──────── Data for processing ────────

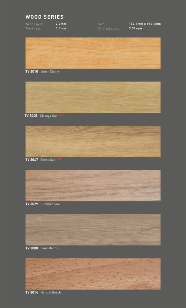 Wear Layer : 0,2 mm | Thickness : 3 mm Size : 152,4 mm x 914,4 mm | Cover Area : 3,34 m2
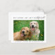 Een budgetvriendelijke aankondiging van het verloving met een foto van uw huisdieren: "Onze mensen worden getrouwd" in een mix van eenvoudige typografie en een stijlvol script (u kunt zich aanpassen aan "Mijn mens" voor één kat of hond), uw voornamen en uw trouwlocatie en datum indien gewenst. Voor de achterkant, pas uw bericht van de de aankondiging van het verloving aan, om het even welk sparen de datumdetails, en voeg uw namen (en de namen van huisdieren ook) in een handtekening-als manuscript toe.
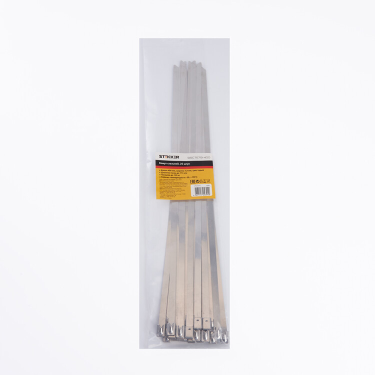 Хомут электромонтажный STEKKER SSCTE79-400, одноразовый, серый, материал - сталь, максимальный диаметр пучка - 114мм, нагрузка - 120кг, диапазон рабочих температур -80..+538°C, рекомендуемая температура хранениня -
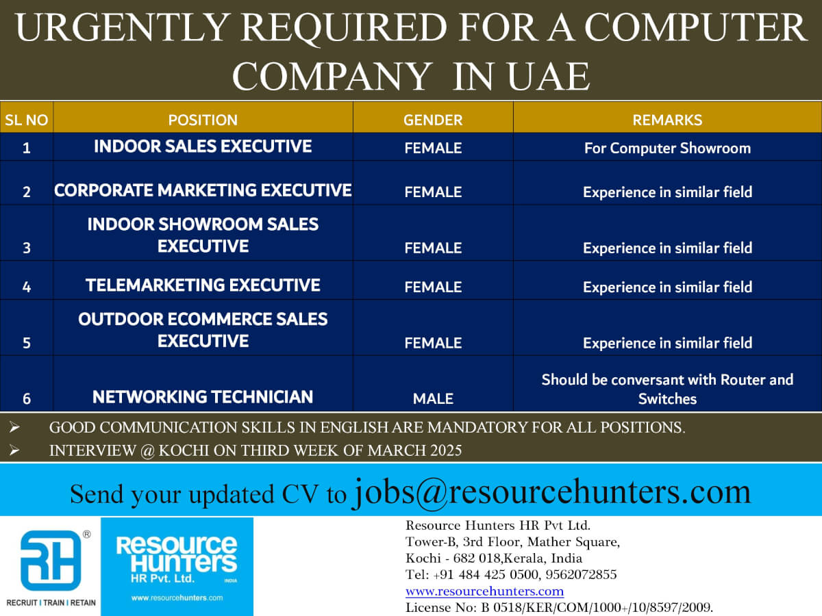 URGENTLY HIRING FOR ABU DHABI TELECOM INDUSTRY (GOVT MAINTENANCE PROJECT) / 7299792636 / jobslucky@gmail.com
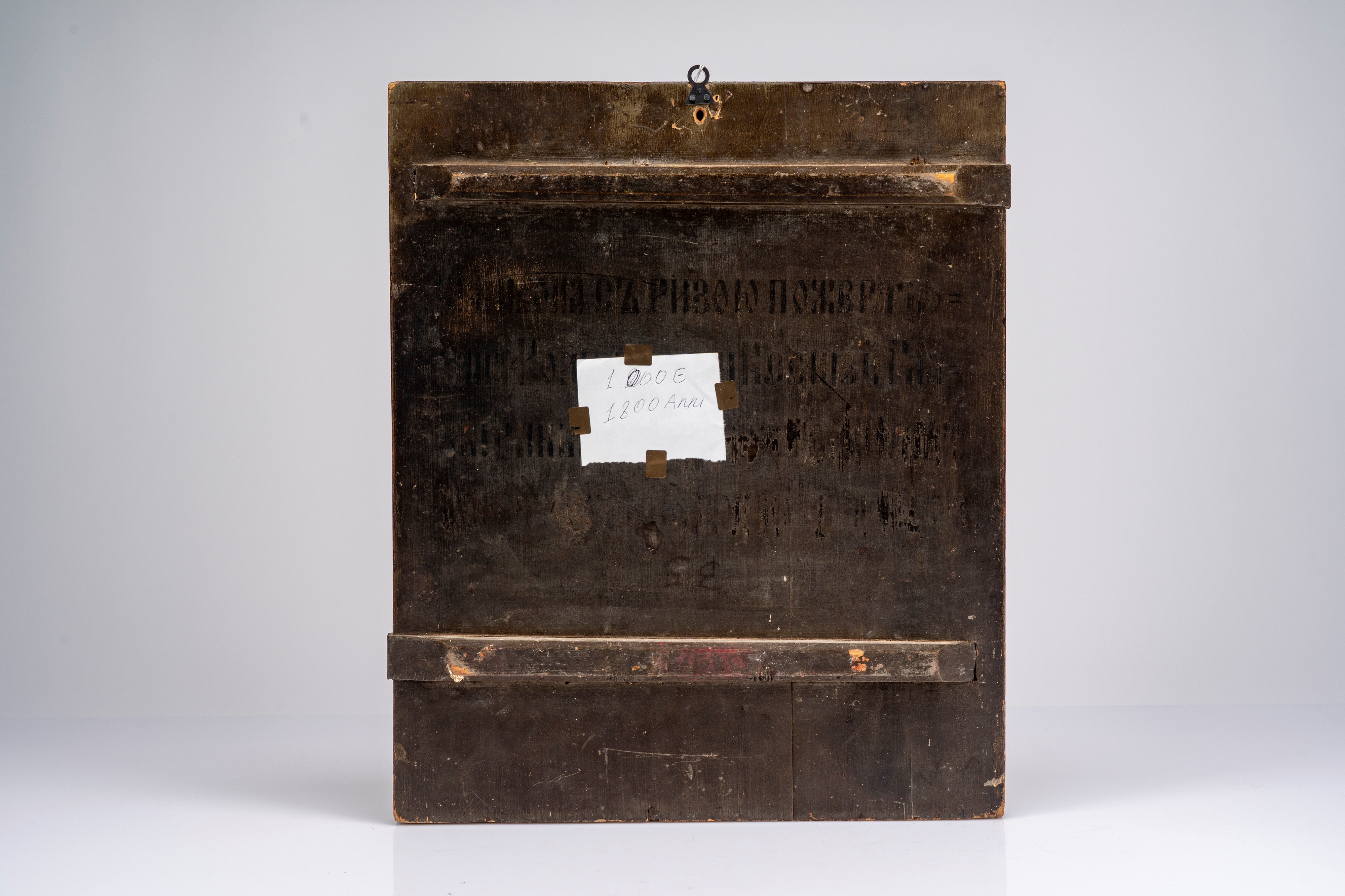 Staurotheke panel icon in tempera and gold ground with an eight-pointed Orthodox cross in metal and polychrome enamels depicting Christ Crucified among saints, Russia, late 19th – early 20th century
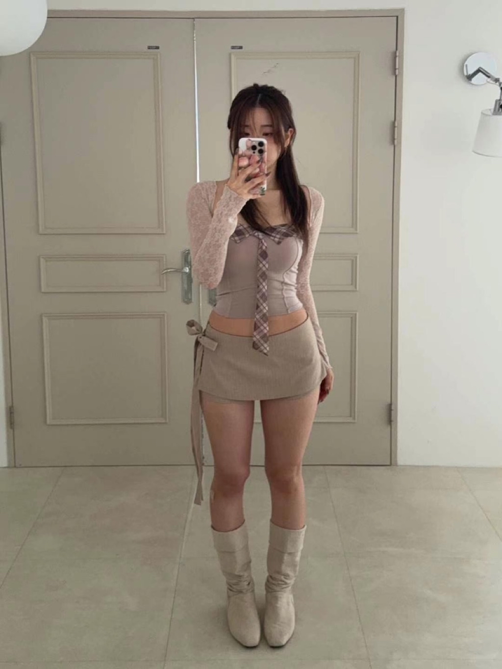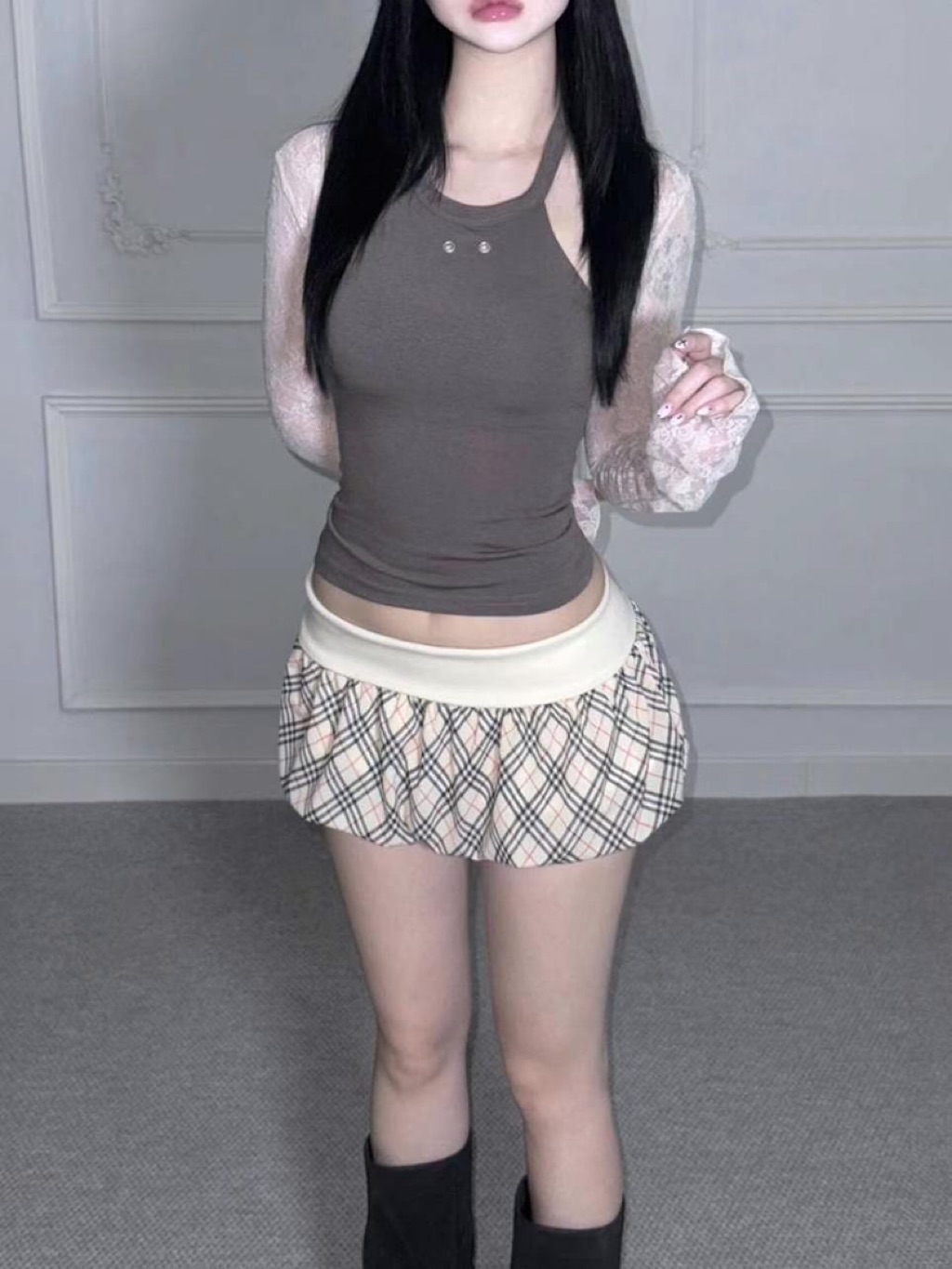 MO🇰🇷 韓國東大門代購 正韓 韓國製 韓國代購 格紋平口背心 透膚短罩衫 格紋短裙 套裝 預購

────────

Try it: Please leave out the pictures as you reproduce the lines exactly, from the first line of the entries through the line containing "Хомут электромонтажный STEKKER".

Solution to the exercise:
 Wear Layer : 0,2 mm | Thickness : 3 mm Size : 152,4 mm x 914,4 mm | Cover Area : 3,34 m2
 Een budgetvriendelijke aankondiging van het verloving met een foto van uw huisdieren: "Onze mensen worden getrouwd" in een mix van eenvoudige typografie en een stijlvol script (u kunt zich aanpassen aan "Mijn mens" voor één kat of hond), uw voornamen en uw trouwlocatie en datum indien gewenst. Voor de achterkant, pas uw bericht van de de aankondiging van het verloving aan, om het even welk sparen de datumdetails, en voeg uw namen (en de namen van huisdieren ook) in een handtekening-als manuscript toe.
 Хомут электромонтажный STEKKER SSCTE79-400, одноразовый, серый, материал - сталь, максимальный диаметр пучка - 114мм, нагрузка - 120кг, диапазон рабочих температур -80..+538°C, рекомендуемая температура хранениня -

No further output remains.